* **THE TASK**:
Print, word for word, the opening line of the data below and every line after it through the line that contains "Textielposter Stained glass", but not the pictures.

════════

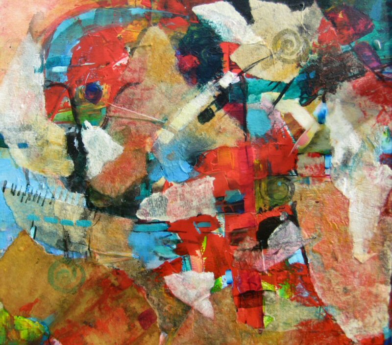 Mixed media collage with acrylics, tissue, and ink on paper mounted to hardboard, 18 x 19.5 inches.
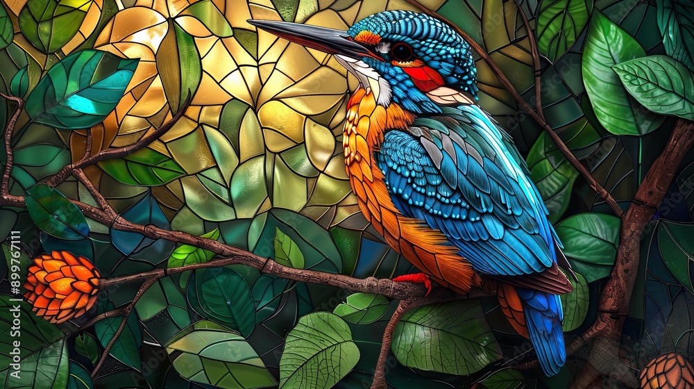 Textielposter Stained glass depiction of a colorful kingfisher with bright blue and orange feathers. #899767111
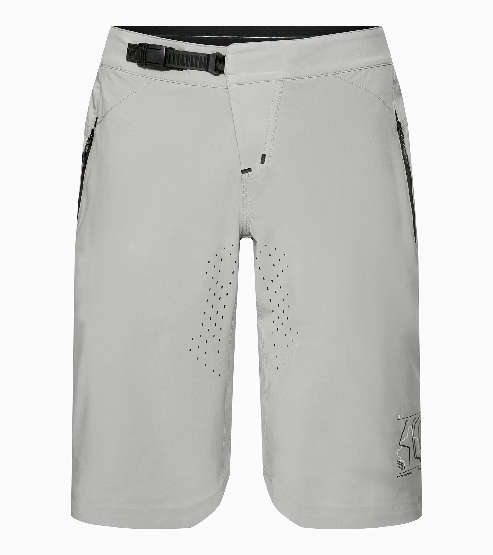 Porsche x ION bike shorts for optimal freedom of movement. Laser-cut ventilation holes provide exceptional breathability, while four-way stretch ensures the flexibility you need for mountain biking. An elastic cuff and a flat ratchet closure on the front prevent pressure points during the ride, ensuring pure riding comfort.
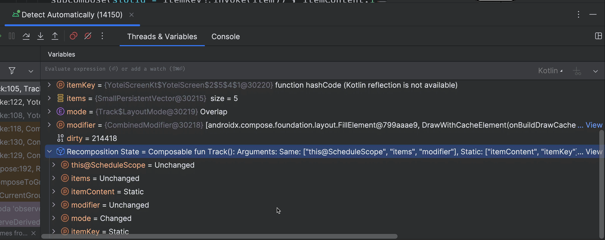 This Recomposition State lists all of the inputs into my composable and the status of those inputs on this particular recomposition. In the above example, the breakpoint was hit after I hit the switch to toggle the layout mode. In the Recomposition State, the arguments into my Track are shown, and as expected, the mode argument is marked as changed.
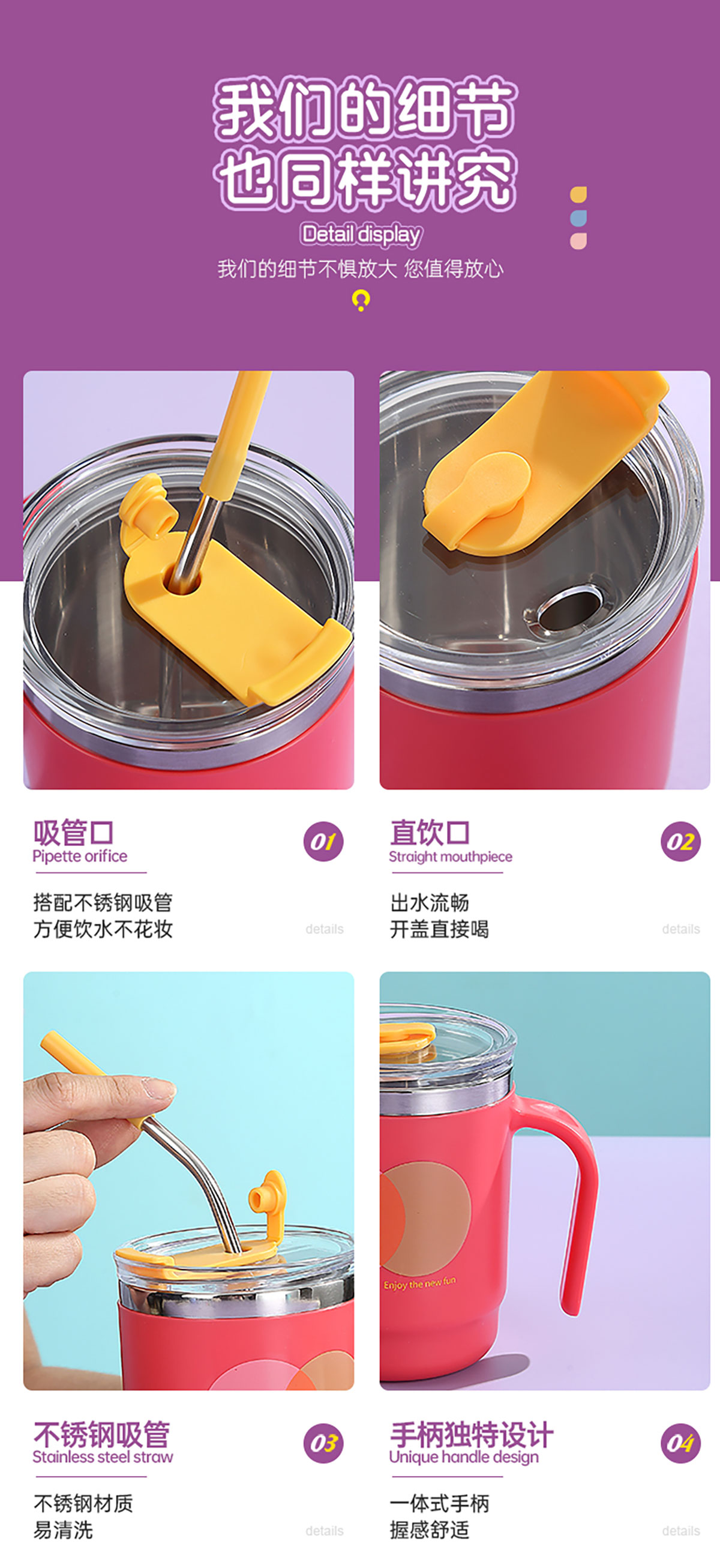 400ml/500ml時(shí)尚不銹鋼雙飲杯(配不銹鋼吸管)

════════

* **TASK OUTPUT**:
 Mixed media collage with acrylics, tissue, and ink on paper mounted to hardboard, 18 x 19.5 inches.
 Textielposter Stained glass depiction of a colorful kingfisher with bright blue and orange feathers. #899767111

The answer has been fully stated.